SAN FRANCISCO (CN) - The man who confessed to shooting Kathryn Steinle on a San Francisco pier pleaded not guilty Friday, as he was arraigned for second-degree murder and being a felon in possession of a firearm.
Appearing in orange sweats in San Francisco Superior Court, Juan Francisco Lopez-Sanchez answered "not guilty" to the charge that he willfully killed Steinle with a handgun on July 1.
Sanchez, a seven-time convicted felon in the United States illegally, has confessed to firing the bullet that killed the 32-year-old Steinle as she walked along San Francisco's Pier 14 with her father on July 1.
He claims he found the .40 caliber Sig Sauer handgun that day under a bench along the waterfront. In June, a Bureau of Land Management ranger reported it stolen from his car in downtown San Francisco.
After today's arraignment, Matt Gonzalez, chief attorney with the public defender's office, told reporters that Steinle's death was a "terrible misfortune" that cannot be justified, but that a jury would conclude the shooting was accidental. He shied away from questions about how this case relates to race and immigration. He said those issues were part of a "legitimate discussion," but not one that belongs in his client's trial.

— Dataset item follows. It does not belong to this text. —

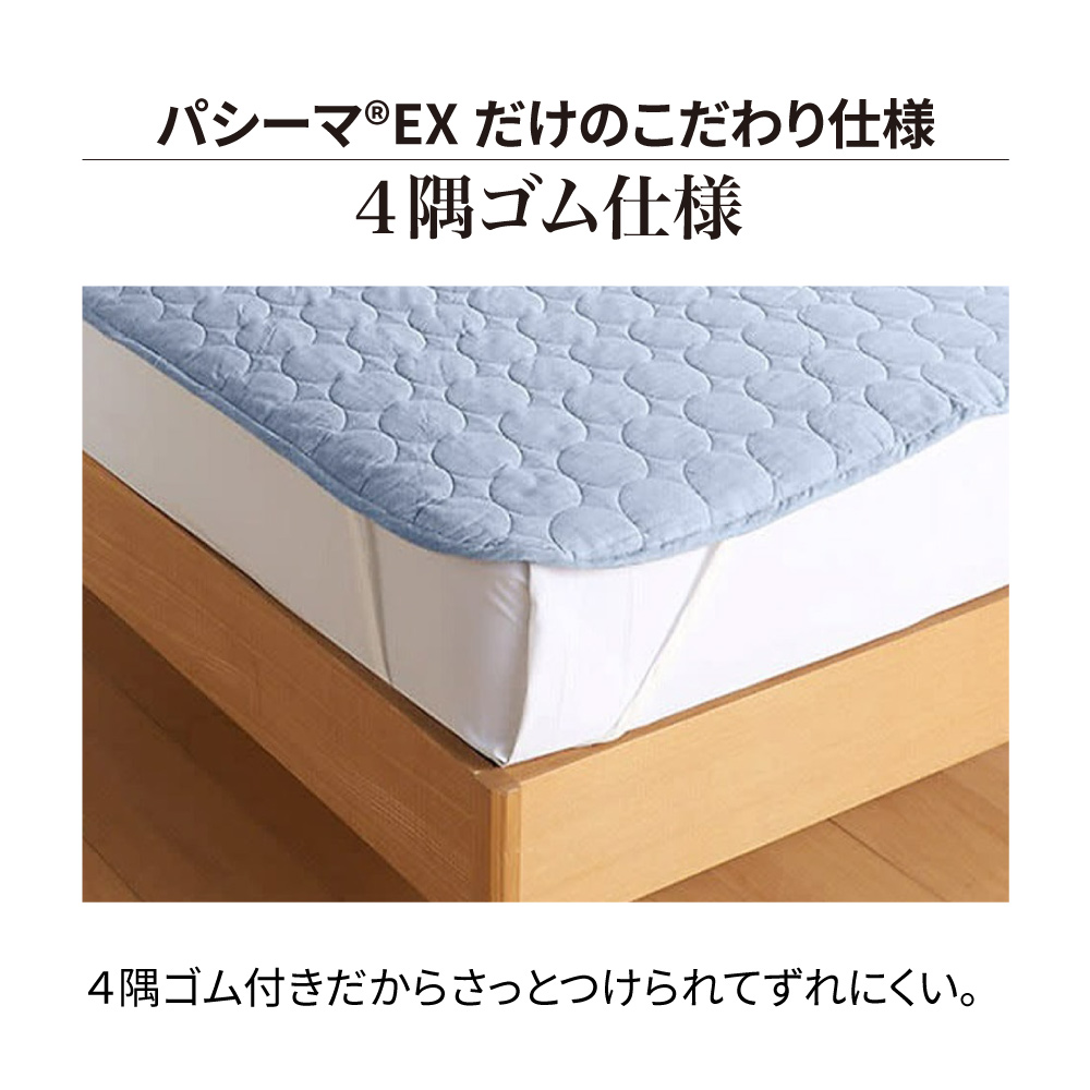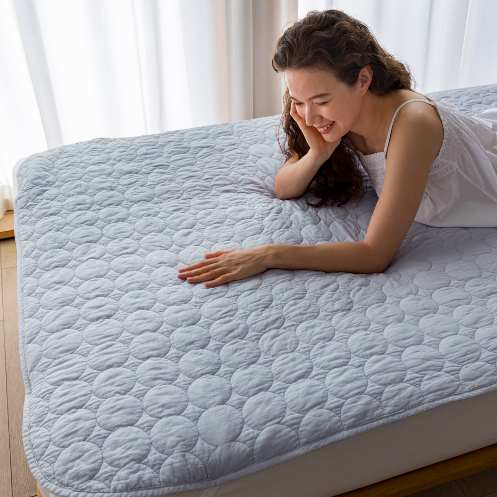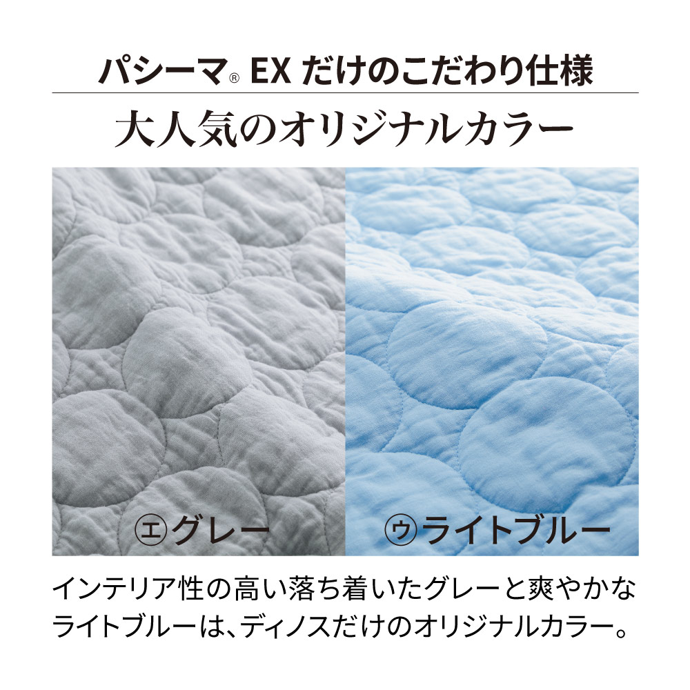 関連商品は下記の商品名をコピーのうえ検索してください。パシーマ(R) 特別3点セット(キルトケット・敷きパッド・大判ハンカチ)≪シングル|約140×205cm≫パシーマ(R)EX 無地 キルトケット≪セミダブル対応(ワイド&ロング)|約160×230cm≫ パシーマ(R)EX 無地 キルトケット≪ダブル|約180×205cm≫ パシーマ(R)EX 無地 キルトケット≪シングルロング|約100×210cm≫ パシーマ(R)EX 無地 敷きパッド※本商品はこちら。≪セミダブルロング|約120×210cm≫ パシーマ(R)EX 無地 敷きパッド≪ダブルロング|約140×210cm≫ パシーマ(R)EX 無地 敷きパッド≪クイーンロング|約160×210cm≫ パシーマ(R)EX 無地 敷きパッドどの季節もすこやかな眠りを支える、ガーゼと脱脂綿だけで作ったパッドシーツ。ふんわりサラリとした肌ざわりで、熱や湿気がこもりがちな背中もムレにくく快適です。(エ)グレー医療用レベルの純度まで精錬されたガーゼと脱脂綿だけを使用。一般的なガーゼより目が詰まっていて耐久性があり、ホコリが出にくいのも特長です。仕上げ剤は一切使用せず、人体への安全性を示す国際規格「エコテックス100」で最も厳しい「クラスI(乳幼児製品)」を取得しています。ガーゼがやわらかく馴染んで手放せなくなる肌ざわりに。洗うことで中の繊維がほぐれ、空気を含んでふんわり軽い掛け心地になり、風合いが育つことで愛着も増します。(ネット・柔軟剤は使わずに洗ってください。)365日気持ちいい夏はムレにくくサラリ、冬はふんわり暖か。お手持ちの寝具と組み合わせてオールシーズン大活躍。パシーマ(R)EXだけのこだわり仕様『特長的な丸キルト』おしゃれでふっくらやわらかな印象の丸キルトを採用。

He said the public defender's office is more interested in the four-day gap between when the gun was stolen from the ranger's car and Steinle's death. Sanchez does not have a violent past and did not intend to kill Steinle, he said, and that someone homeless like Sanchez would probably rather sell the gun.
"This is a very valuable object, and somebody who is destitute would be trying to take that object and turn it into money for food," Gonzalez said.
Francisco Ugarte, also with the public defender's office, said, "We're looking at how the weapon came available," adding that, "This has the classic features of an accidental firearm discharge." Stolen guns and guns without trigger locks are the societal ills actually implicated in Steinle's death, according to Ugarte.
San Francisco District Attorney spokesman Max Szabo said his office does not have additional comments at this stage of the case.
Two weeks ago, Assistant District Attorney Diana Garcia told the court that "this was no accident" and that Sanchez "had in his hands an instrument of death and he used it."
Sanchez, 45, faces a sentence of 45 years to life if convicted.
Having waived his right to a speedy trial, Sanchez will return to Judge Bruce Chan's courtroom in December to set a trial date.